신원 생성기(152)는 사용자 등록 과정인 경우에 작동되며, 판단기(151)로부터 전달되는 음성 이미지를 사용자 단말의 식별자, 예를 들어 IMEI 번호와 바인딩하여 저장부(110)에 저장한다. The identity generator 152 operates in the case of user registration, binds the voice image transmitted from the determiner 151 to an identifier of the user terminal, for example, an IMEI number, and stores it in the storage 110 .

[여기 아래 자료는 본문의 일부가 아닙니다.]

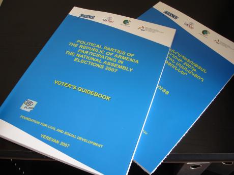 This Voter's Guidebook presents brief, unbiased, comparative information on activities, objectives, goals and program fundamentals of political parties participating in the Republic of Armenia's National Assembly elections 2007. It is designed to be widely disseminated among NGOs and international organizations, political parties, education institutions, foundations, state authorities and the general public.

사용자 인증기(153)는 사용자 인증 과정, 즉 사용자 로그인시에 작동되며, 판단기(151)로부터 전달되는 음성 이미지와 저장부(110)에 저장된 등록된 사용자별 음성 이미지 및 로그인시 사용된 음성 이미지와의 유사도를 판단하고, 판단된 유사도가 미리 설정된 임계값 이상인 경우, 유사도가 판단된 저장부(110)에 저장된 등록된 사용자별 음성 이미지 및 로그인시 사용된 음성 이미지별 유사도 중에서 가장 높은 유사도를 갖는 사용자로 인증한 후, 인증 결과(제1 인증 결과)를 인증 결과 생성기(155)로 전달한다. 예를 들어, 저장부(110)에 A, B 및 C 3명의 사용자에 대한 음성 이미지가 저장되어 있고, 미리 설정된 임계값이 50인 경우, 로그인을 위해 입력된 사용자 음성 신호에 대응하여 생성된 음성 이미지와의 유사도 판단에 의해 A일 확률이 80%이고, B일 확률이 55%이며, C일 확률이 20%인 경우, 유사도가 미리 설정된 임계값인 50 이상인 사용자 A와 B 중에서 유사도가 가장 높은 사용자 A가 음성 이미지 기반 인증 결과로서 출력된다. 여기서, 각 사용자별로 다수의 음성 이미지가 저장되어 있는 경우 각 음성 이미지에 대해 산출된 유사도의 평균값을 해당 사용자의 유사도로 설정한다.The user authenticator 153 operates during a user authentication process, that is, when a user logs in, and a voice image transmitted from the determiner 151, a voice image for each registered user stored in the storage unit 110, and a voice image used at login and the similarity is determined, and when the determined similarity is equal to or greater than a preset threshold, having the highest similarity among the voice images for each registered user stored in the storage unit 110 for which the similarity is determined and the similarity for each voice image used at login After authenticating as a user, the authentication result (first authentication result) is transmitted to the authentication result generator 155 . For example, when voice images for three users A, B, and C are stored in the storage 110 and the preset threshold value is 50, a voice generated in response to a user voice signal input for login According to the similarity determination with the image, if the probability of A is 80%, the probability of B is 55%, and the probability of C is 20%, the similarity is the highest among users A and B, which is 50 or more, a preset threshold. User A is output as a voice image-based authentication result. Here, when a plurality of voice images are stored for each user, the average value of the similarity calculated for each voice image is set as the similarity of the corresponding user.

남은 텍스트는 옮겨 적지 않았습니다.